His style was similar to that of Coby Whitmore and several others active in the 1950s. Such illustrations typically offered only enough background and stage-setting details to provide context. Featured were the subject person or persons, often as only heads and shoulders. Media was usually gouache or casein, these allowing for rapid work and lack of the messiness that oil paints might cause when works are transported.

Gallery

De Mers did some pin-up work while building his career. This was in an Esquire calendar for March 1948.

The whole thing as seen before reproduction.


From "The Invisible Bride" - Ladies' Home Journal, May 1954.

Note the spare staging.

De Mers adds some distortion to the tables in the foreground.



I'm thinking this last image is from the late 1950s or early 60s, given the Bernie Fuchs - inspired style change.

Monday, June 6, 2016

Automobile as Genre: Robert Bechtle

Robert Bechtle (b. 1932) is a genre painter of the so-called photorealist variety. Come to think of it, almost any photorealist painting is genre because it depicts what a photograph (or combined extracts from several photographs) captures of the everyday physical and social world of humans. Bechtle's Wikipedia entry is here.

Bechtle bases his paintings on photographs he has taken. Unfortunately, I have never seen one of his paintings in person, so I can't report just how hard-edge they are. But a video posted on the San Francisco Museum of Modern Art website suggests that there is painterly action when viewed from really close.

One thing I especially like about Bechtle's art is that he includes carefully done images of actual automobiles -- not some tossed-off generic car-shaped collection of paint that I find all too often.

Gallery

'58 Rambler - 1967

'62 Chevy - 1970

'64 Valiant - 1971

'71 Buick - 1972

'63 Bel Air - 1973

Alameda Gran Torino - 1974

S.F. Cadillac - 1975

Near Ocean Avenue - 2002
I find this interesting because it looks like Bechtle used an old slide or print as its basis. That is, the colors have yellowed and the cars shown in the foreground are no more recent than the mid-1970s -- yet the painting is dated 2002.

Alameda Intersection - Clay and Mound Streets - 2004
This is the painting featured in the video linked above.

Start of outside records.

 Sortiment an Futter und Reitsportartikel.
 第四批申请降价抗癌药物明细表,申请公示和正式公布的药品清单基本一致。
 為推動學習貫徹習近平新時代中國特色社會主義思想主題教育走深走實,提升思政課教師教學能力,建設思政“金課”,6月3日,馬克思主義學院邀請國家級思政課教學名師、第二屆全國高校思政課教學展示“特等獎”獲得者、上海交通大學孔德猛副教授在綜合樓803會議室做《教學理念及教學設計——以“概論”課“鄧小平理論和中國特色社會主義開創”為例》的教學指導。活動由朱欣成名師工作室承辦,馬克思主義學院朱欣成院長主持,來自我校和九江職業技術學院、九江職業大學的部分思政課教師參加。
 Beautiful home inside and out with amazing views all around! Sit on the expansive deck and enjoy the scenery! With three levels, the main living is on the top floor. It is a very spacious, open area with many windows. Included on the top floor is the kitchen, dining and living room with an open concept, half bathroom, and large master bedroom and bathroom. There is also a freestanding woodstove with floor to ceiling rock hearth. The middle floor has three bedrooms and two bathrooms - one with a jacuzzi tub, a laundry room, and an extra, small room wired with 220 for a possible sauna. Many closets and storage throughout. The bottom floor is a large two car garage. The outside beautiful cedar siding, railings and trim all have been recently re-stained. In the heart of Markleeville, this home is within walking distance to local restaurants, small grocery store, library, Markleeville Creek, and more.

Santa Barbara Motel - 1977
I include this to show that Bechtle paints subjects other than cars. Indeed this looks a lot like some motels near Santa Barbara's waterfront, though I can't say which one he's depicting here.

Thursday, June 2, 2016

The Los Angeles Broad

I visited the new Broad art museum in downtown Los Angeles March 1st with my wife and some LA friends. It contains much of the collection of Eli and Edythe Broad, which is focused on American postmodern art. The website of The Broad is here, and its Wikipedia entry is here.

As Faithful Readers should know by now, I consider most postmodernism silly, and a good chunk of it not even art. So I'll set that aside and deal with the building. It is a long way removed from functionalist, International Style purity. It's even entertaining in a sterile sort of way.

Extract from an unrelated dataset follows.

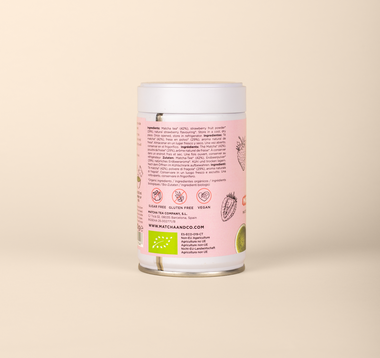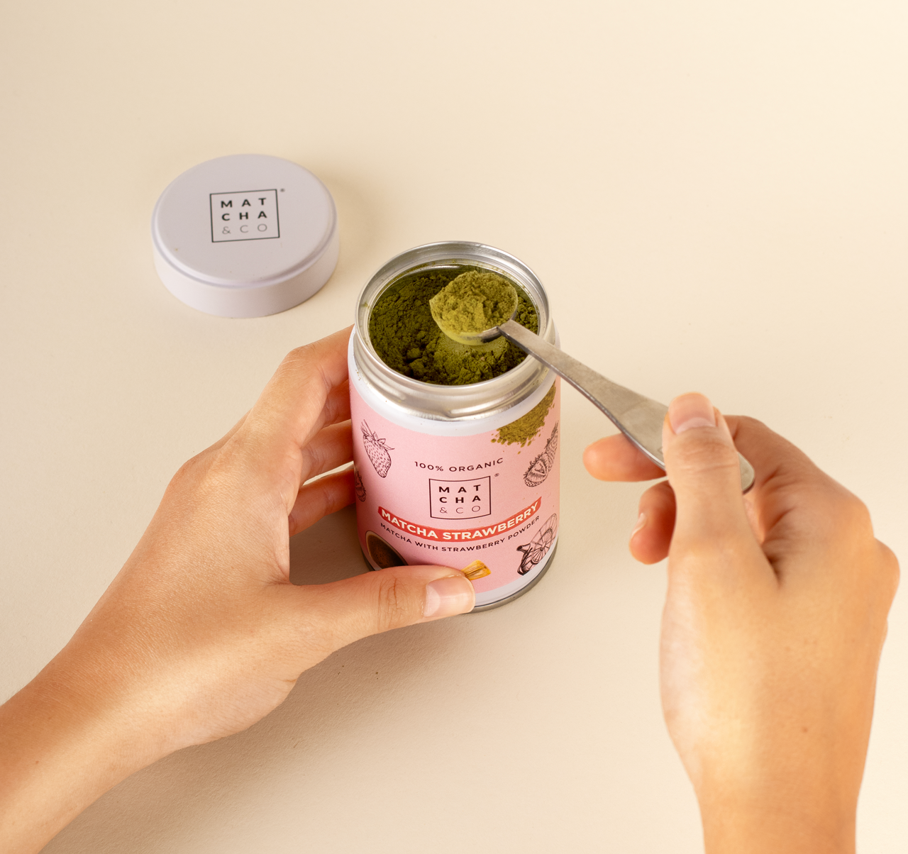 El té Matcha Fresa contiene 1/2 de la cafeína del matcha y es ideal para disfrutar en cualquier momento del día.
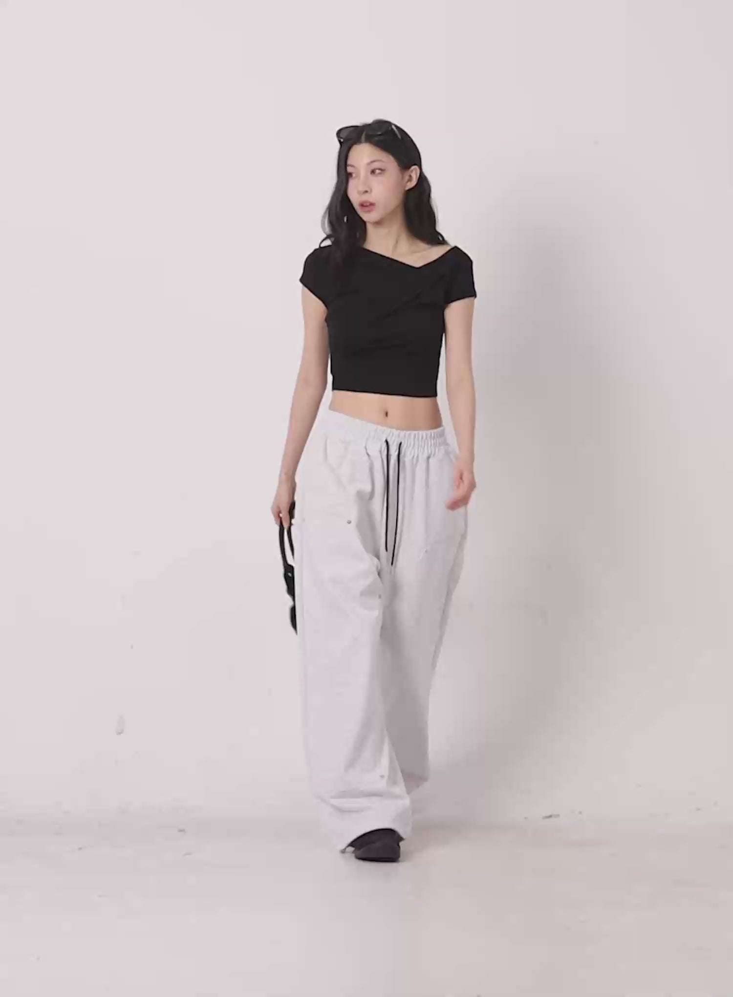 Asymmetric Shirred Off-Shoulder Crop Tee IG508

Here are some snapshots I took.

Gallery

The Broad as seen from the Disney concert hall side of the street. The building has a core clad in that sheath of slanted openings.

A view of the opposite side of the building.

Looking out at the street from the lobby.

The lobby from near an entrance.

Another view of the lobby.

The lobby-level museum shop.

The escalator seen at the gallery level. Behind it is the elevator and farther back is the stairway.

View from the opposite direction.

A gallery featuring Andy Warhol "art."

This shows a relationship of the interior and the exterior cladding. That's a Roy Lichtenstein painting on the far wall.

Gallery view showing the ceiling and its lighting.